### Records supplied

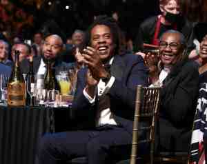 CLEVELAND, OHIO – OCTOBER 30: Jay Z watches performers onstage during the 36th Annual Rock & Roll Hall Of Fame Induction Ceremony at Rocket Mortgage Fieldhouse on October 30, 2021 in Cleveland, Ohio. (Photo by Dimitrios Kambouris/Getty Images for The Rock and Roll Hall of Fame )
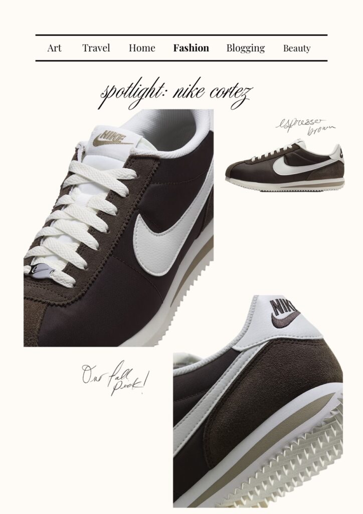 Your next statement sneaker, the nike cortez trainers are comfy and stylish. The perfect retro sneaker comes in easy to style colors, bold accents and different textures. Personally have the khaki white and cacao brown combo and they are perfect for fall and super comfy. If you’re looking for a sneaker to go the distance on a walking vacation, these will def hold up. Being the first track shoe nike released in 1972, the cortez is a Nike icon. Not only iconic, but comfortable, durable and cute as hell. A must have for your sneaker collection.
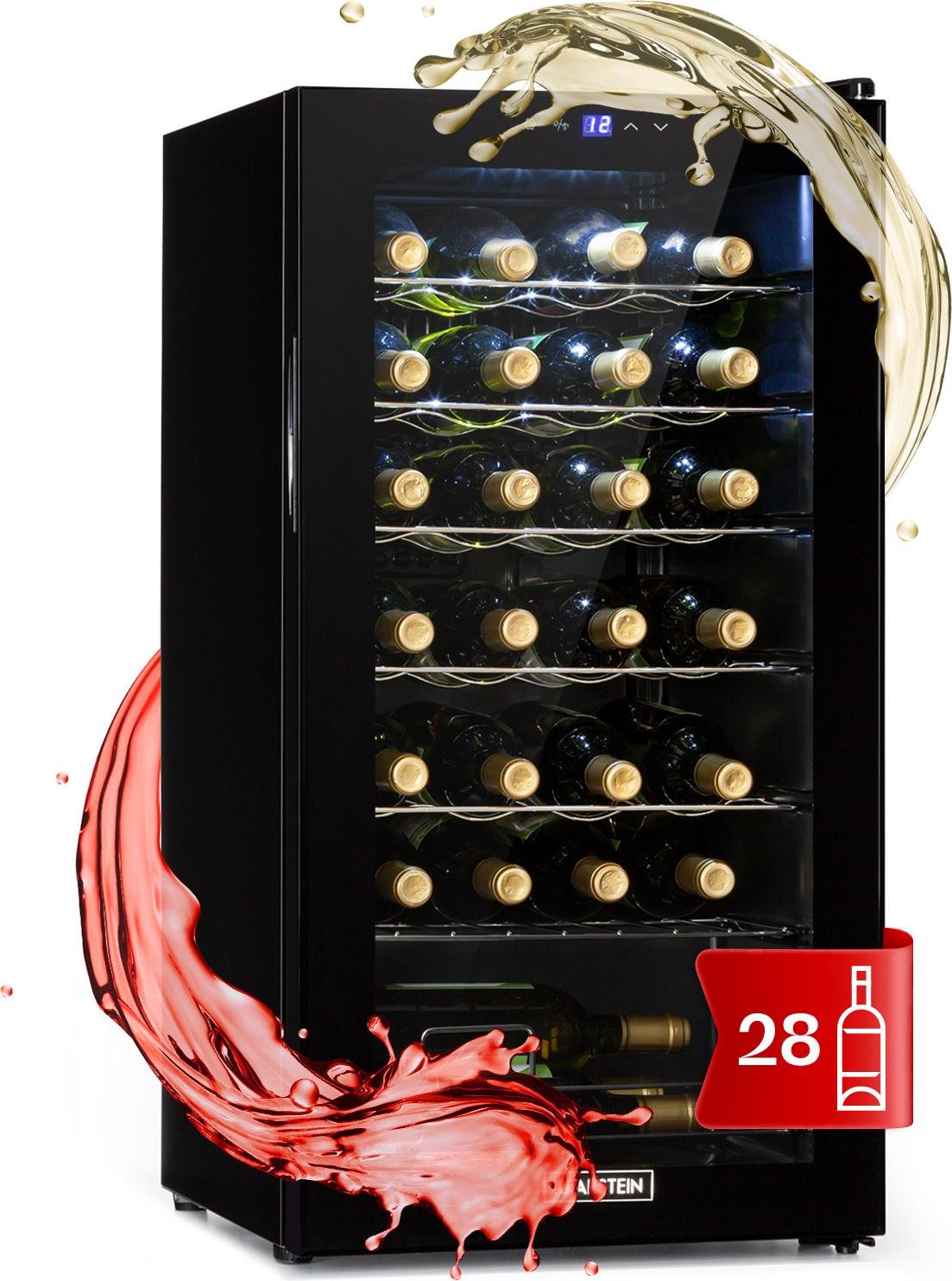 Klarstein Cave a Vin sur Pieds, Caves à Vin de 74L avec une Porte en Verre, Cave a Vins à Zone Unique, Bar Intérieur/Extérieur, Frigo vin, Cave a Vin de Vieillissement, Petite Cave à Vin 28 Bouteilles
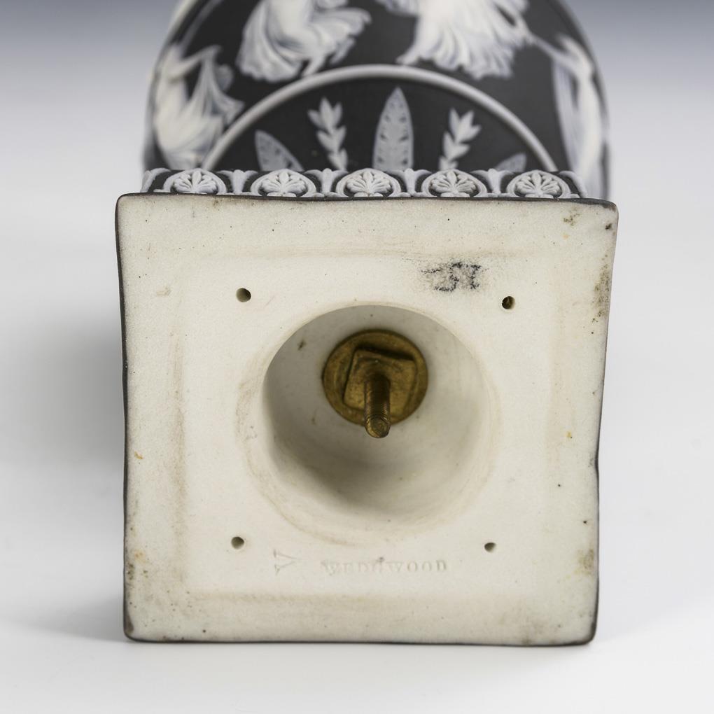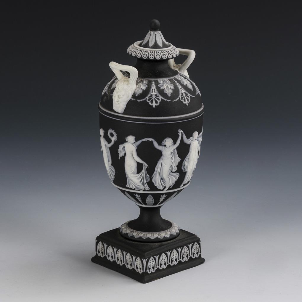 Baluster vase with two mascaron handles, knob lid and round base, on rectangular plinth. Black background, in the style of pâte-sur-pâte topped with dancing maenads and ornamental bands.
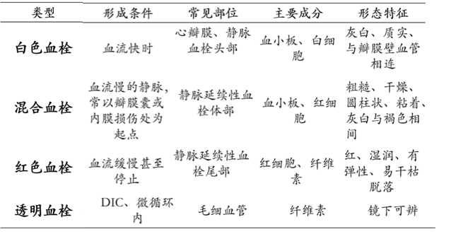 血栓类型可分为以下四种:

######

◆ Activity ◆
In the reply, give again exactly the lines from the beginning of the entries above through the line with "Klarstein Cave a"; pictures stay out.

◆ Output ◆
 CLEVELAND, OHIO – OCTOBER 30: Jay Z watches performers onstage during the 36th Annual Rock & Roll Hall Of Fame Induction Ceremony at Rocket Mortgage Fieldhouse on October 30, 2021 in Cleveland, Ohio. (Photo by Dimitrios Kambouris/Getty Images for The Rock and Roll Hall of Fame )
 Your next statement sneaker, the nike cortez trainers are comfy and stylish. The perfect retro sneaker comes in easy to style colors, bold accents and different textures. Personally have the khaki white and cacao brown combo and they are perfect for fall and super comfy. If you’re looking for a sneaker to go the distance on a walking vacation, these will def hold up. Being the first track shoe nike released in 1972, the cortez is a Nike icon. Not only iconic, but comfortable, durable and cute as hell. A must have for your sneaker collection.
 Klarstein Cave a Vin sur Pieds, Caves à Vin de 74L avec une Porte en Verre, Cave a Vins à Zone Unique, Bar Intérieur/Extérieur, Frigo vin, Cave a Vin de Vieillissement, Petite Cave à Vin 28 Bouteilles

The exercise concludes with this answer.